Я отошла. Дрюпин поморщился, вытер руки о штаны, резко выдернул заточку. Кровь продолжала вытекать.

– Нужно повязку, – сказал Дрюпин. – Давящую, кажется…

Я взяла подушку, сдернула наволочку, разорвала напополам. Дрюпин сложил из наволочки подушечку и притянул ее к ране веревкой. Достаточно крепко, во всяком случае, кровь остановилась.

– Что дальше? – спросила я.

– Лекарства у тебя есть? – спросил Дрюпин. – Хоть какие?

– Нет… Зачем?

Дрюпин кивнул.

– Надо в медпункт, – сказал он.

– Правильно, Дрюпин, иди в медпункт, сделай себе укол от бешенства…

Значит, не заснул.

– Заткнись лучше, – посоветовал Дрюпин. – Тебе сейчас лучше не разговаривать.

– А я назло буду, – сообщил Клык. – Буду разговаривать и умру в муках. А потом буду тебе каждую ночь являться и смотреть на тебя, смотреть…

Клык замолчал.

Мы взяли его и перенесли с пола на диван, он оказался совсем невесомым, как мешок с костями.

– Крови много вытекло, – шепотом сказал Дрюпин. – Надо в медпункт, там есть кровезаменители в заморозке, еще что-то.

Я подошла к двери. Толкнула. Сантиметра три толщины, я толкнула дверь. Глухо. И сталь не просто сталь, ее, наверное, даже автогеном не разрезать.

– Взрывчатки нет, конечно, – сам себе сказал Дрюпин. – Дверь не вынести. А если бы и была, мы бы от удара погибли.

Клык неожиданно захрапел, с присвистом, с дерганьем щекой, дышал тяжело, так что казалось, что ребра даже вроде похрустывают.

– Сможешь сломать? – спросила я у Дрюпина.
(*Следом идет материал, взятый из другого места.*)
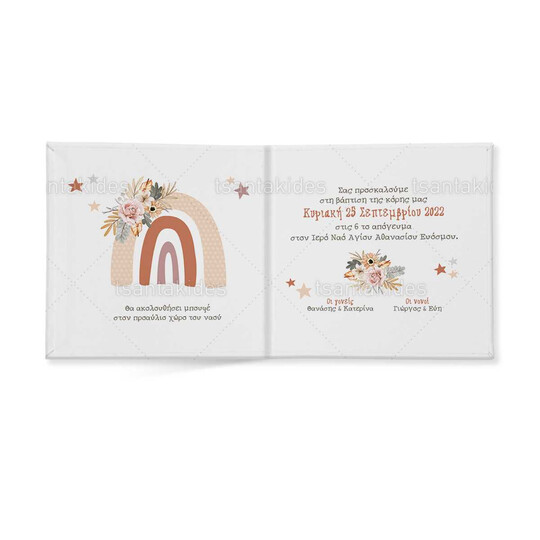 Προσκλητήριο σκληρό καπάκι,  παραμυθάκι μικρό, εκτυπωμένο με θέμα  Flower Rainbow
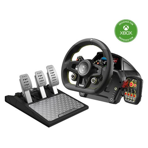 Logitech G Saitek Farming Simulator pakke med tilhørende pedalsett og kontrollpanel med flere knapper og joystick. Utstyrt med ratt, gass- og bremsepedaler, samt et kontrollpanel med fargede knapper og joystick for avansert kontroll. Passer til bruk med PC og kompatible spillkonsoller. Ratt, pedal og kontrollpanel er nesten ikke brukt, mens standen den står på er litt brukt.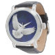 Origineel kunstontwerp van een witte duif, een vredessymbool, van tekenaar Carolyn McFann van Two Spinnende Cats Studio gedrukt op een kwaliteitshorloge.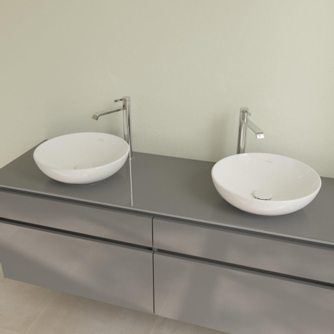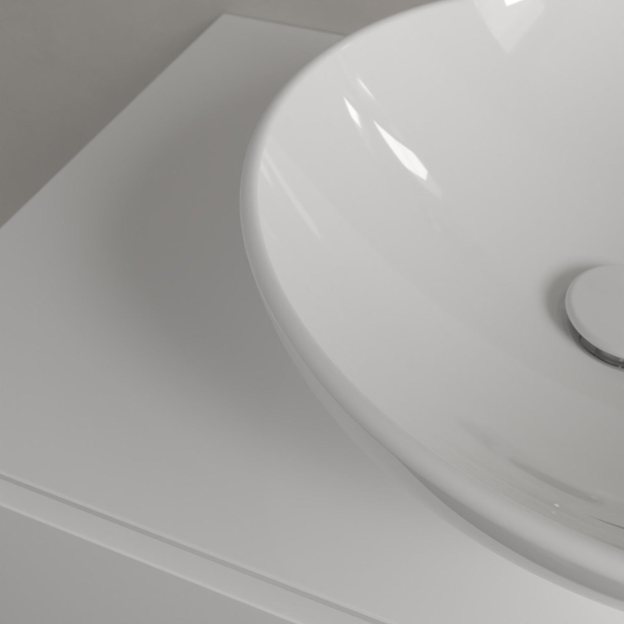 La cuve profonde permet de limiter au minimum les éclaboussures, ce qui vous évite d’essuyer le plan trop souvent et permet à l’espace de rester plus longtemps bien rangé. Grâce à cette profondeur, vous pouvez aussi facilement vous laver le visage ou les cheveux sans que l’eau ne s’écoule immédiatement par-dessus le bord. L’absence de trop-plein assure une apparence épurée et calme à l’intérieur de la vasque, sans détails interrompant les lignes. Si de l’eau arrive tout de même sur le bord ou sur le plan, vous pouvez l’essuyer d’un seul geste grâce à la forme ronde et aux surfaces lisses. Vous profitez ainsi chaque jour d’un grand confort, sans faire de concessions sur le style.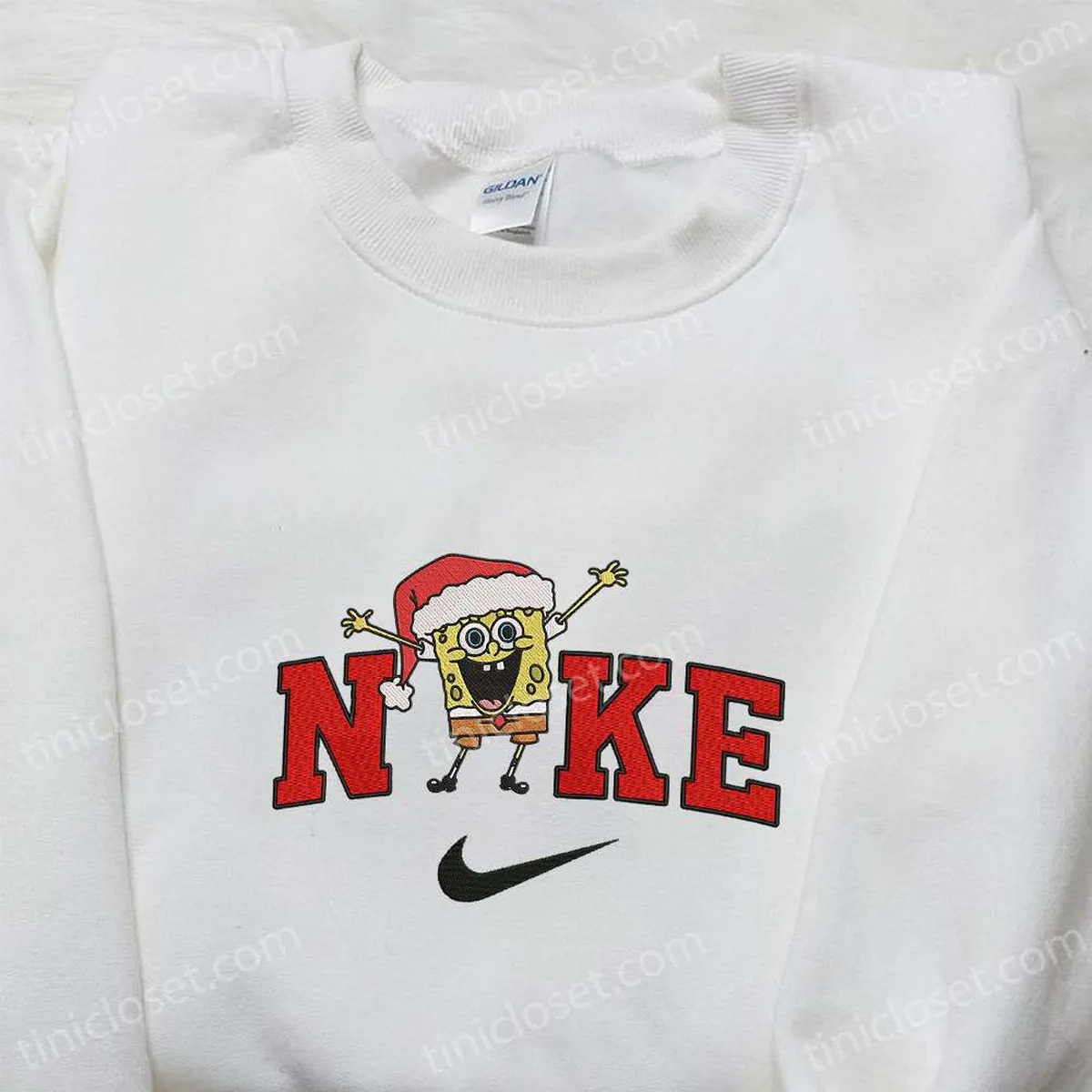 SpongeBob SquarePants Cartoon x Nike Christmas Embroidered Sweatshirt, Christmas Embroidered Shirt, Best Christmas Gift Ideas

– Смогу. Только пока не знаю как, надо подумать…

Дрюпин начал чесать голову. Выглядело это не очень красиво, видимо, у Дрюпина отросли ногти, и теперь по его гладкому черепу шли красные царапины.

Я не стала ему мешать, я сама стала думать. Но мне совсем не думалось. В голове пустота, вытрясло все, выбило все. Иногда мне кажется, что Клык прав. Что война все-таки случилась. Что нас бомбили – слишком много у нас беспорядка, много опрокинутых стеллажей, мебели перевернутой, как будто землетрясение здесь произошло. Если не война, то катаклизм точно. Нет, там наверху никого не осталось, только лед. Там все замерзло. И вообще все замерзло, земля покрылась толстенной коркой в несколько километров, или даже больше, потому что Вселенная состоит изо льда…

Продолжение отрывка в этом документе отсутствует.